The CPSC’s Final Report of the CHAP on Phthalates and Phthalate Substitutes states that:
Although phthalates cause a wide range of toxicities, the most sensitive and most extensively studied is male developmental toxicity in the rat. Specifically, exposing pregnant dams to certain phthalates causes a syndrome indicative of androgen deficiency, referred to as the “phthalate syndrome” in rats.
Exposure results in abnormalities of the developing male reproductive tract structures, the severity and prevalence of which depends on the dose. The phthalate syndrome is characterized by malformations of the epididymis, vas deferens, seminal vesicles, prostate, external genitalia (hypospadias), and by cryptorchidism (undescended testes) as well as by retention of nipples/areolae (sexually dimorphic structures in rodents) and demasculinization of the perineum, resulting in reduced anogenital distance (AGD).

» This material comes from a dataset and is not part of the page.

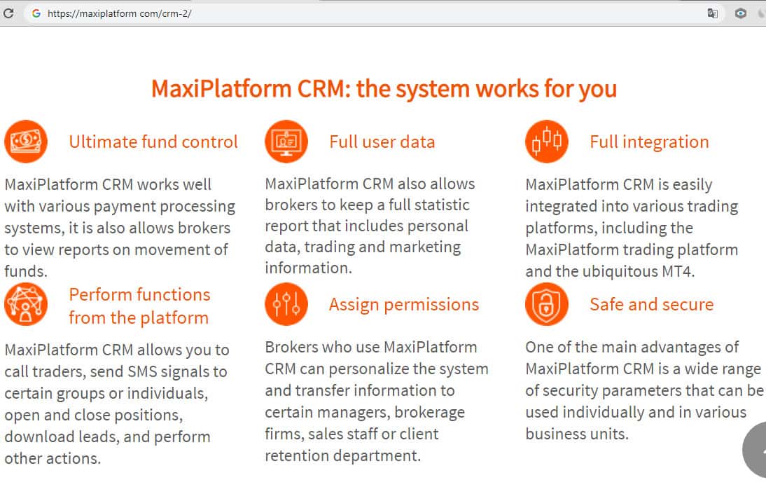 Система CRM от MaxiPlatform позволяет передавать информацию определенным менеджерам, брокерским фирмам, сотрудникам отдела продаж, трейдерам, отправлять SMS-сигналы определенным группам или отдельным лицам, открывать и закрывать позиции, загружать лиды и выполнять другие действия.

The highest incidence of reproductive tract malformations is observed at higher phthalate dose levels whereas, changes in AGD and nipple/areolae retention are frequently observed at lower phthalate dose levels. Furthermore, phthalates produce this developmental toxicity in male rodents with an age-dependent sensitivity, i.e., with fetuses being more sensitive than neonates, which are, in turn, more sensitive than pubertal and adult animals.
Health Effects in Humans
The phthalate syndrome in rats bears a resemblance to the “testicular dysgenesis syndrome” (TDS) in humans, which includes poor semen quality, testis cancer, cryptorchidism, and hypospadias, and which is hypothesized to have its origins during fetal life. There is a rapidly growing body of epidemiological studies on the association of exposure to phthalates with human health.
Most studies primarily focus on the association of maternal phthalate exposure with male reproductive tract developmental endpoints and neurodevelopmental outcomes. Two of three cohort studies found reduced AGD in male infants in relation to higher maternal urinary concentrations of phthalate metabolites.

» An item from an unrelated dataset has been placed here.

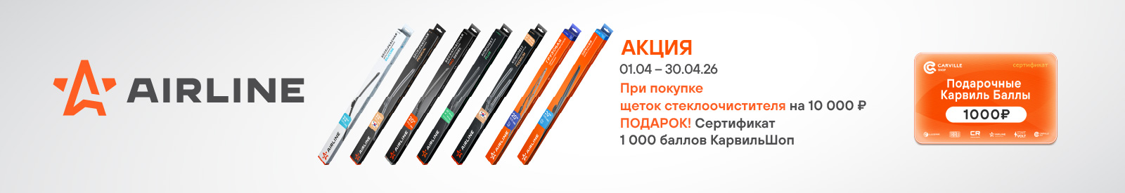 Акция AIRLINE. Сертификат 1000 баллов КарвильШоп в подарок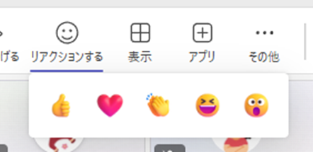 Microsoft Teams の会議では絵文字を使ったリアクションができます。

Other studies reported associations between reduced AGD and hypospadias, poor sperm quality, or reduced fertility. Seven prospective pregnancy cohort studies and two cross-sectional studies investigated associations of urinary phthalate metabolites with neurological measures in infants and children.
Interestingly, although each publication utilized different neurological tests at different childhood ages, poorer test scores were generally, but not always, associated with higher urinary levels of some phthalates. Other studies found associations between reduced sperm quality and some phthalates in adult males.
Overall, the epidemiological literature suggests that phthalate exposure during gestation may contribute to reduced AGD and neurobehavioral effects in male infants or children. Other limited studies suggest that adult phthalate exposure may be associated with poor sperm quality.
The AGD effects are consistent with the phthalate syndrome in rats. However, it is important to note that the phthalates for which associations were reported were not always consistent and differed across publications. In some cases, adverse effects in humans were associated with diethyl phthalate exposure, although diethyl phthalate does not cause the phthalate syndrome in rats. None of these studies was designed to provide information on the specific sources of phthalates.